READ ON TO DISCOVER:
- Why we can feel older, or younger, than we really are
- Why loneliness is the ultimate “silent killer”
- Why we get happier, and more no-nonsense, as we get older
Christina Pierpaoli Parker is a fourth-year graduate student in the Clinical Geropsychology doctoral program at the University of Alabama, where she researches chronic illness, psychological health, and perceived usefulness in older adults. She also writes Eng(aging): A Millennnial’s thoughts on age and aging for Psychology Today. University of Pennsylvania psychologist Scott Barry Kaufman recently hosted her on The Psychology Podcast to discuss why getting older can be a wonderful thing, and how we can help our older friends and family get the most out of their golden years.
Scott: It seems like you don’t really have a fear of aging. Is that right?
Christina: I have a curiosity about it, but I think to deny the anxiety around aging is dishonest. It’s inevitable, and it does require contemplation. I argue that the earlier and more often you think about your aging and your own mortality, the more gracefully you will live your life.
I think young adults have the permission to “develop” and “mature,” and for some reason, older adults have to “age.” That language is very interesting. When we say that people are aging, we’re confining them to this sort of cul-de-sac where they cannot emerge towards new and exciting potentials. And yet, younger people can develop and mature, which suggests that there’s room for growth and expansion.

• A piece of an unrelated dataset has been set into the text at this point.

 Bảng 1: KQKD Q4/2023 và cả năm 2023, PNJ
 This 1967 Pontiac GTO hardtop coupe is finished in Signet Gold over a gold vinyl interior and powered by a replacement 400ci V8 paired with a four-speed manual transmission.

I think that is a subtle linguistic way through which we propagate our fear of aging.
I am not afraid of aging because I think about it, and because I am exposed to older adults all of the time. Through mere exposure, we are able to deconstruct our anxieties and stereotypes about out-groups.
Scott: Yeah, that’s a fundamental lesson of life. The more you expose yourself to people that you fear or that seem different from you, the more you realize they’re really not as different as you think.
You know, I work in the field of positive psychology. You can almost see a field called “positive geropsychology.”
Christina: Yeah. Laura Carstensen is an esteemed geropsychologist at Stanford University. She is actually credited with conceptualizing the idea of socioemotional selectivity, which is the idea that as time horizons decrease among older adults, they are more likely to cognitively bias positive experiences and stimuli. They realize that time is a scarce resource, so how are they going to spend it? Worrying? Seeking out the approval of their peers? No, they’re going to spend their time fostering relationships, exploring new things, creating meaning. What we see is that among older people, their social networks begin to get smaller because they become more discriminating in the relationships they maintain. If the relationship is negative or draining, they prune it out.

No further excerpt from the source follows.